━━ Data excerpt ━━

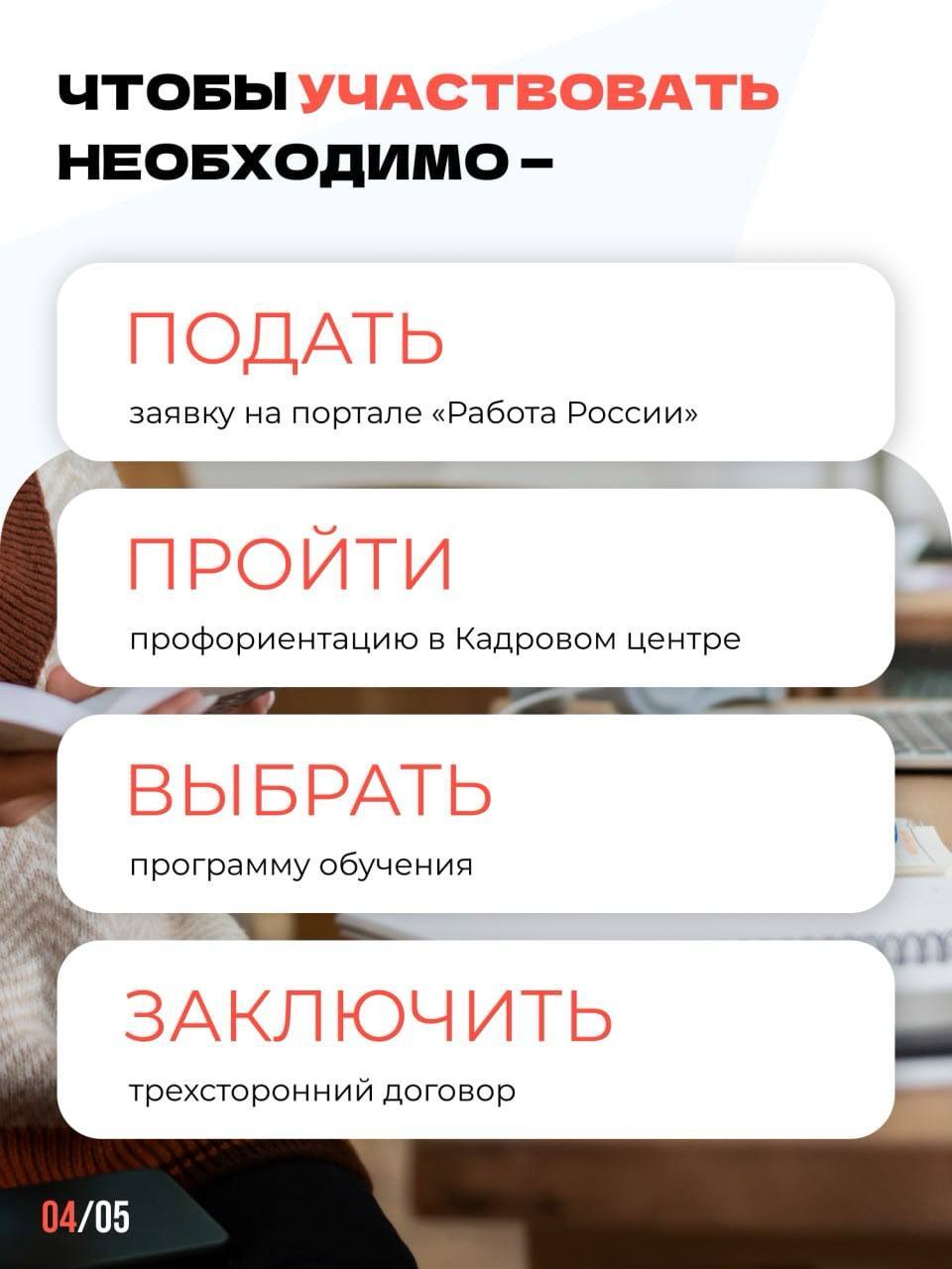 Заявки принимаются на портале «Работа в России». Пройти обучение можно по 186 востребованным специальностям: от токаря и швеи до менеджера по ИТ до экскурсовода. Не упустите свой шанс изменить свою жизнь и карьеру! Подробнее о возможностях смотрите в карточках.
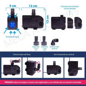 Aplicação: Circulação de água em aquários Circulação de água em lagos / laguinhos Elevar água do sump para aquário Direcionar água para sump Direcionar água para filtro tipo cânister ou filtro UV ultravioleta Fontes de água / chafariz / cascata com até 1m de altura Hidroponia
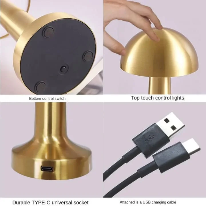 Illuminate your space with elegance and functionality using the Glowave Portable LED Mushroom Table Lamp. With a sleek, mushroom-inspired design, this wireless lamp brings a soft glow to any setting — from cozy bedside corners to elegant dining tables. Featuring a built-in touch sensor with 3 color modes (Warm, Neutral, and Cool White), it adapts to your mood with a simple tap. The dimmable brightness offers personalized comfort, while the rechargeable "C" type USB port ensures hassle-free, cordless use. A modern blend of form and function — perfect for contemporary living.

━━━

## Problem statement
The lines wanted are those from the start of the material above through the line with "Aplicação: Circulação de", both included; print them exactly and skip any picture.

## Written response
 Заявки принимаются на портале «Работа в России». Пройти обучение можно по 186 востребованным специальностям: от токаря и швеи до менеджера по ИТ до экскурсовода. Не упустите свой шанс изменить свою жизнь и карьеру! Подробнее о возможностях смотрите в карточках.
 Aplicação: Circulação de água em aquários Circulação de água em lagos / laguinhos Elevar água do sump para aquário Direcionar água para sump Direcionar água para filtro tipo cânister ou filtro UV ultravioleta Fontes de água / chafariz / cascata com até 1m de altura Hidroponia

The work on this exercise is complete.